First, we get some forecast GRIB data defined on pressure levels and read it into a fieldlist.

[1]:
import earthkit.data as ekd

ds_fl = ekd.from_source("sample", "pl.grib").to_fieldlist()

Temporal dimensions

The temporal dimensions are based on the dim_roles and time_dims options. The dim_roles are a mapping between predefined dimension roles and metadata keys used to build the given dimensions.
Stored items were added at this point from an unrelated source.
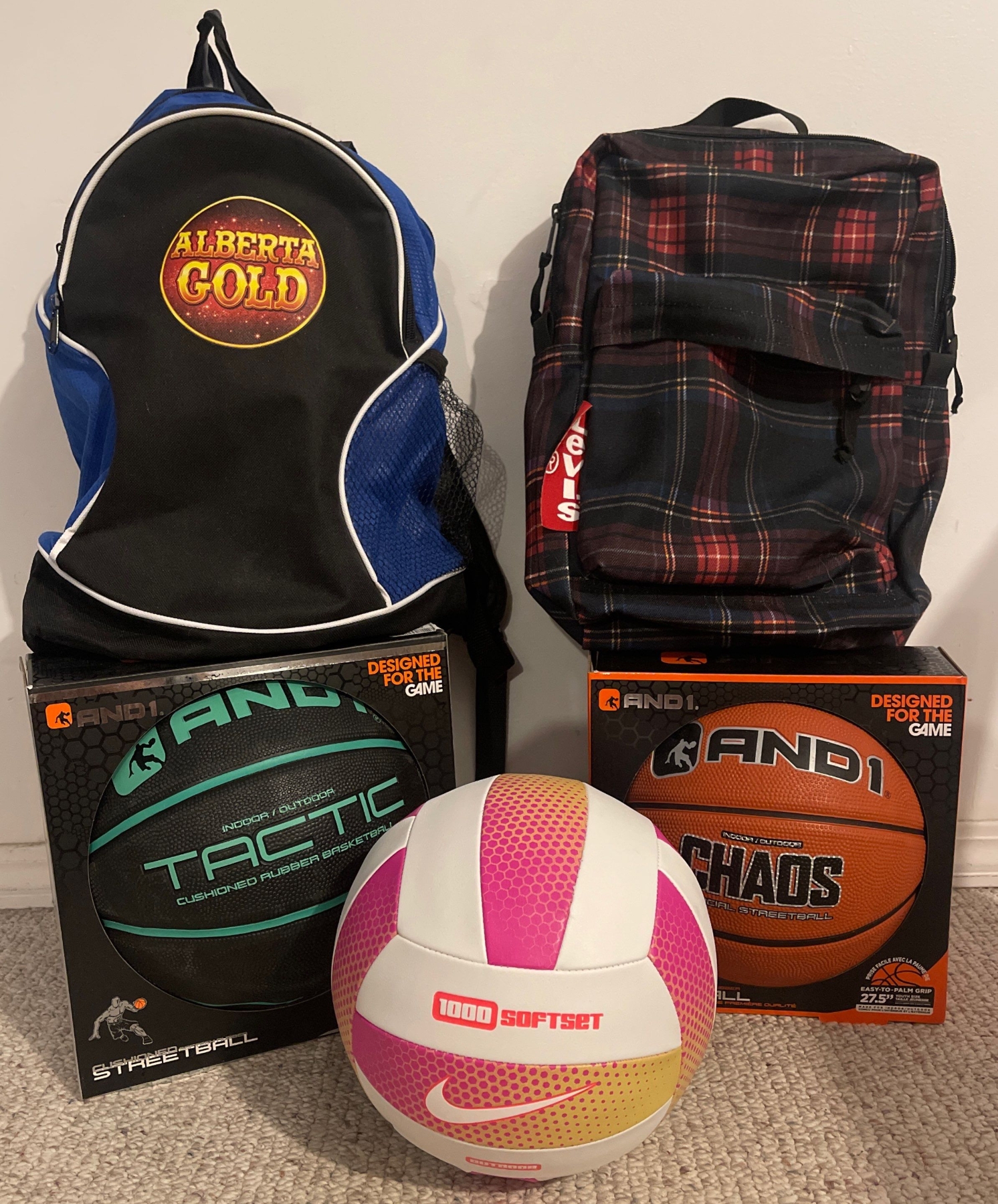Two AND1 StreetBall/ BasketBalls w/ Nike Soft Set Volley Ball 2 backpacks too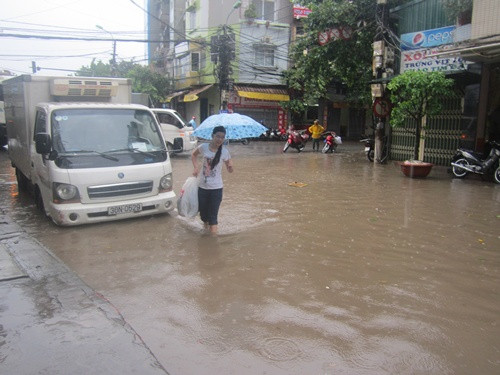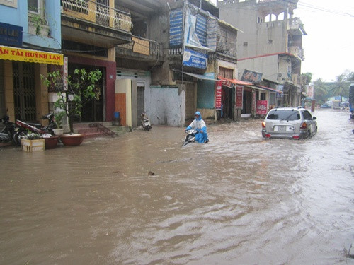 Trên đường Trương Định, mưa lớn làm gây ngập lụt hoàn toàn...
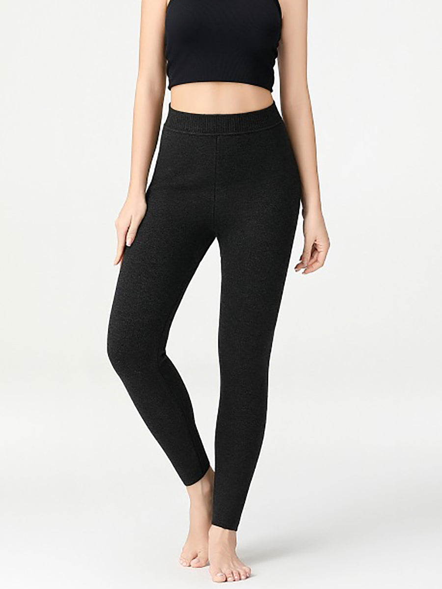 Winter Warm Pure Color Fleece-lined High Waist Leggings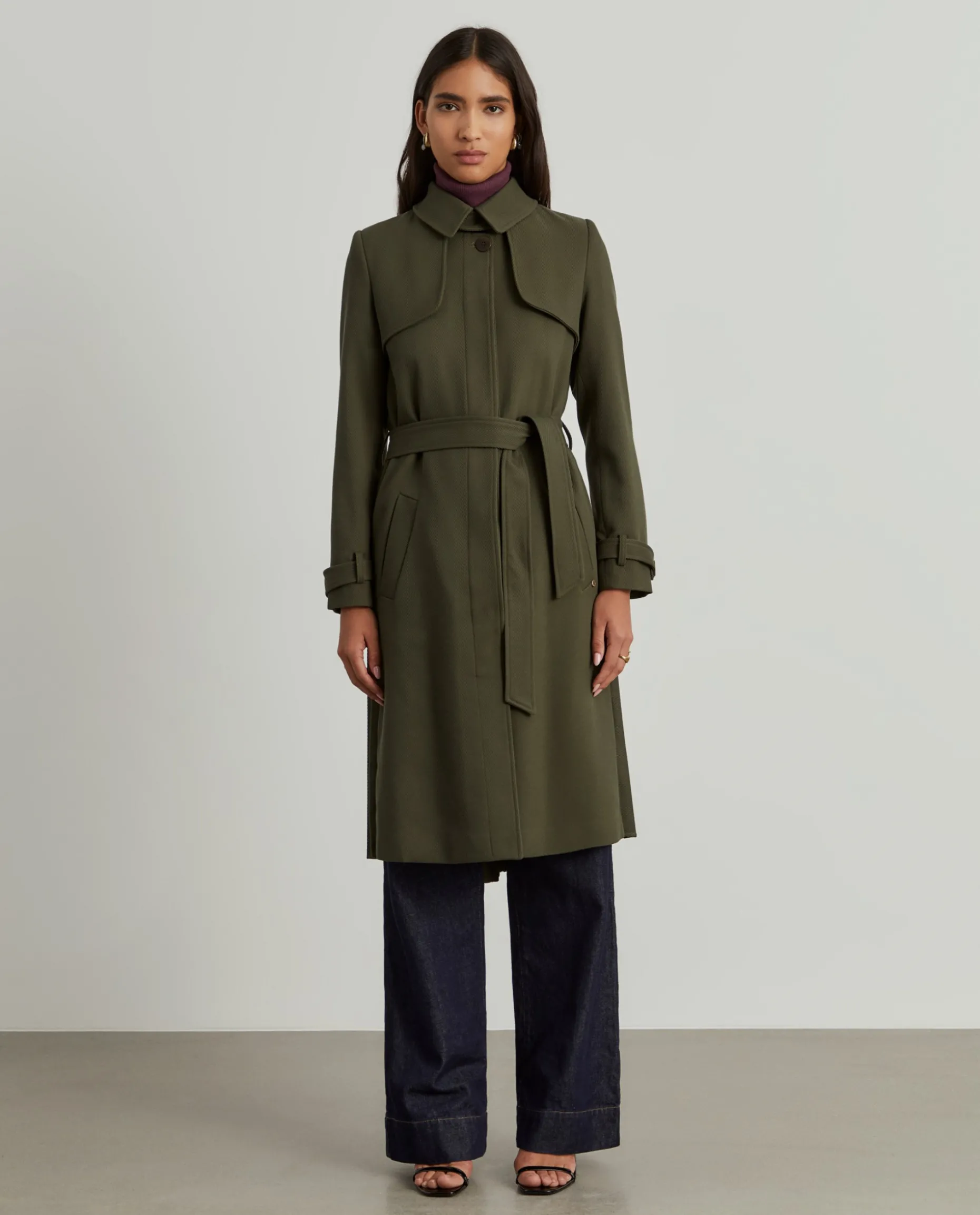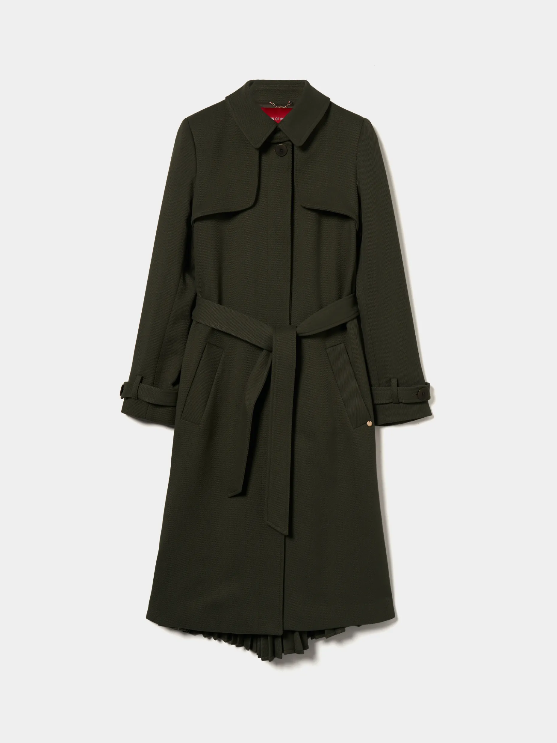 Obtenha um look clássico intemporal com este casaco estilo gabardine com pormenor elegante de plissado nas costas. Com cinto removível no mesmo tecido e tom, e escapulário atrás e à frente. Bolsos frontais e punho com tira abotoada.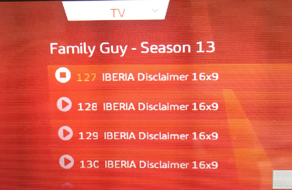I decide to watch some Family Guy. Sadly they only have Season 13, the widely panned experimental season comprising over 130 “episodes” of a widescreen disclaimer from Iberia.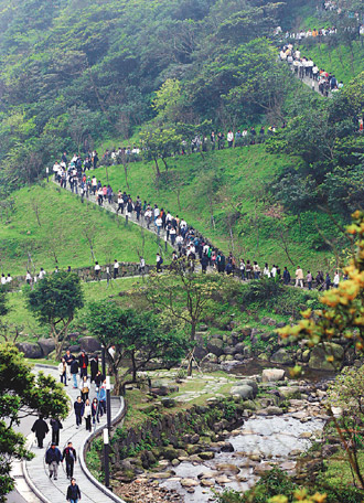 中國臺灣網(wǎng)2月16日消息 碧綠草地上,青翠竹林彷佛滴得出水;奇石水瀑旁,人龍靜靜蜿蜒,宛如油畫。3日圓寂的臺灣法鼓山創(chuàng)辦人圣嚴(yán)法師骨灰昨天植存于金山環(huán)保生命園區(qū),逾3萬名信眾繞著之字形山路前行,形成巨大壯觀的圖案,5小時后才緩緩散開。

See Predefined dimensions and dimension roles for details:

With regards to the temporal structure the following roles are involved:

  • “forecast_reference_time”

  • “step”

  • “valid_time”

  • “date”

  • “time”

These roles can be mapped to different metadata keys according to the profile (see the profiles).

time_dims=[“forecast_reference_time”, “step”]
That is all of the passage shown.